TUCAVOC can group substances in a new one. For example you have substances A, B and D, and you want to make a new substance called S.

S is a grouped substance.

Grouped substances are usually used when you have coeluting substances, that come sometimes in one peak and sometimes in different peaks.

Calculation#

TUCAVOC will handle this case by simply adding the amount fraction of the individual substances contained in the group. The uncertainty of the amount fraction calculated for the grouped substance is calculated applying the squared sum of the uncertainty of each substance.

Behaviour for flagging and missing data#

If one or more group members have invalid data (nan values), the group will be flagged as invalid.

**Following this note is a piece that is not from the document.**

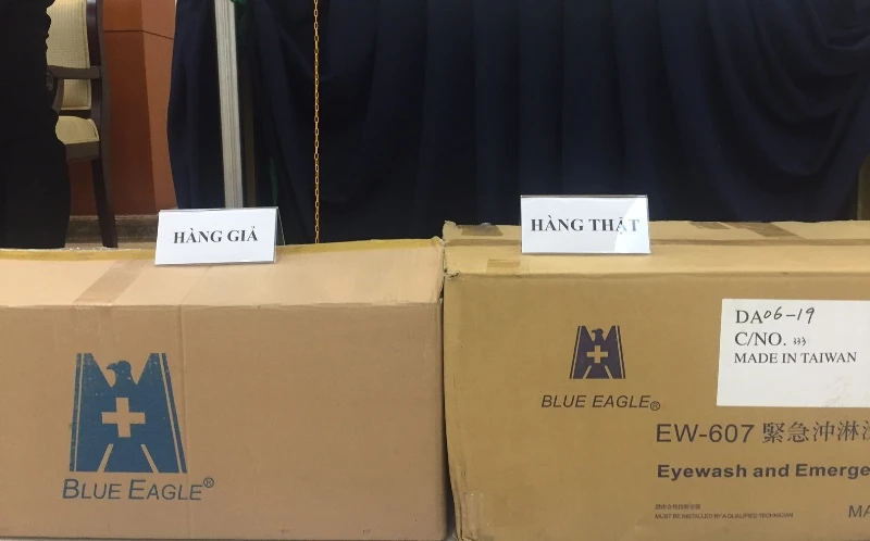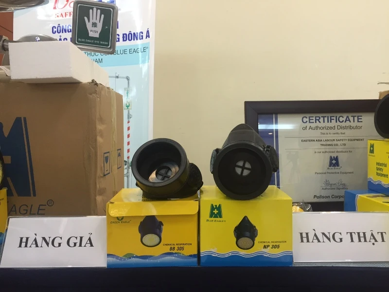Bà Nguyễn Thị Tuyết Phương, Giám đốc Công ty TNHH Thương mại Thiết bị bảo hộ lao động Đông Á, nhà phân phối chính thức thương hiệu Blue Eagle tại Việt Nam, cho biết bồn rửa mặt khẩn cấp và mặt nạ phòng độc của công ty bị làm nhái, làm giả nhiều nhất.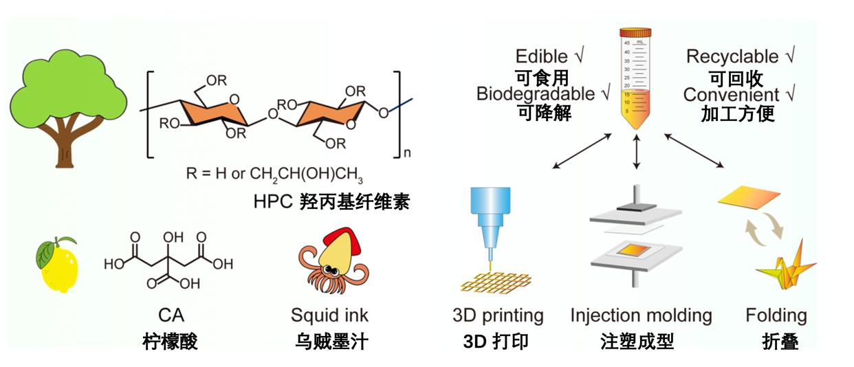 其次,在加工工艺上,这种材料与现有制造方式高度兼容,既可以像墨水一样进行3D打印,也能通过注塑成型得到复杂三维结构,甚至还能在高湿环境下进行折纸式成型,干燥后固定形态。而配方中的柠檬酸含量可以直接决定颜色,类似于一个天然调色盘,同一批原料就能做出彩虹般的成品。

If the area of a substance is zero, TUCAVOC assumes that the substance was included in the area of another substance from the group.

Groups selection in TUCAVOC widget#

You can select which group a substance belong to, using the combo box in the substances widget. You can also create a new group using the ‘+’ button at the top of the Group column.

If you want a substance to be present only in a group, but not in the output, you have to untick the include substance column, and add a group for the substance. TUCAVOC will automatically remove that substance from the output, but still include it in the calculation of the grouped amount fraction and in the calculation of the mean CRF (if selected in the use for general crf column).

Mean carbon response factor calculation#

Substances in the same group will share the same mean_carbon_response_factor value. This means that only substance in the calibration for that group are taken into account in this calculation.

For substances not in any group, the mean_carbon_response_factor is taken to be the mean of all substances in the calibration that do not belong to any group. This is the general mean_carbon_response_factor.

As a suggestion for the general mean_carbon_response_factor, we recommend using all the substances having from 2 to 4 carbon atoms, excluding ethyne.